In other words, how can we, and can we, laugh with Brooklyn 99 and still attend Black Lives Matter rallies on the same day?

We plan to explore how pleasure is a channel through which militarization occurs in the rhythms and rituals of everyday life, including consumption, epistemologies and reasonings, desires, aesthetics, and more. This collection of essays will reflect on how militarization and pleasure queer and/or reinforce one another without seeking to resolve inherent contradictions or rationalize the messy affects of pleasure; we want to get into the intractably contradictory and complicit character of pleasure and explore potentialities for resistance. What can we do with the contradictory pleasures we find in militarized values, processes, and practices at work in our daily lives?
We ask whether and how we are surviving now in what Berlant (2011) calls “crisis ordinary” and imagine what it might mean to flourish and find joy amongst the “everywhere war” (Gregory 2011). This issue hopes to contribute nuanced understandings of the pleasure-militarization relationship, expand perceptions of militarized aesthetics, and theorize new modes of immanent critique and resistance that allow for pleasure without projecting fantasies of innocence or exceptionalism. We welcome contradictions and disagreements within this dialogue as long as we share the common aim to provide new theoretical vantage points on and terminologies for pleasure as a social catalyst that motivates desire, structures subjectivities, and obscures the militarization of the everyday.
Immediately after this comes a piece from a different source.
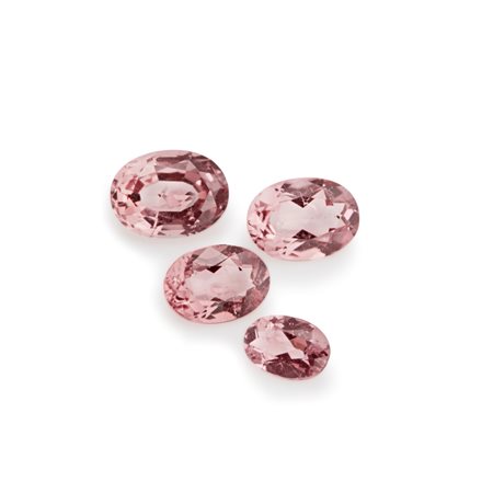 Lotto di quattro tormaline rosa in cartina per totale ct 12,56 da mm 12,00x9,00 a mm 9,00x6,00

Scholars from any humanities or social science discipline, especially those engaged in interdisciplinary work, are encouraged to contribute 350-word abstracts with a short bio note to militarizingpleasure at gmail.com<mailto:militarizingpleasure at gmail.com> by 1st April 2022. Authors should expect a response by 1st May, and full articles will be due on September 1st for publication in early 2023 (or earlier online). We respect the unpredictable schedules and needs we all differently have and will try to make accommodations where possible. Authors needing extensions for the abstract and/or paper submission should contact the editors at the email address above.
We expect articles to fall into the three categories. Suggestions for papers could include but are not limited to:

1: What is Militarization to/in/with Pleasure Now?

  *   Conceptualizations of the relationship between militarization and pleasure
  *   Militarization with specific reference to pleasure & the ‘non-martial’
  *   Methods and affirmations of knowing, discovery, & enquiry (e.g. ‘fake news’)
  *   Confluence of identity politics and the relational roles of militarized subjects. How are subjects differently militarized due to race, gender, sexuality, religion, etc.?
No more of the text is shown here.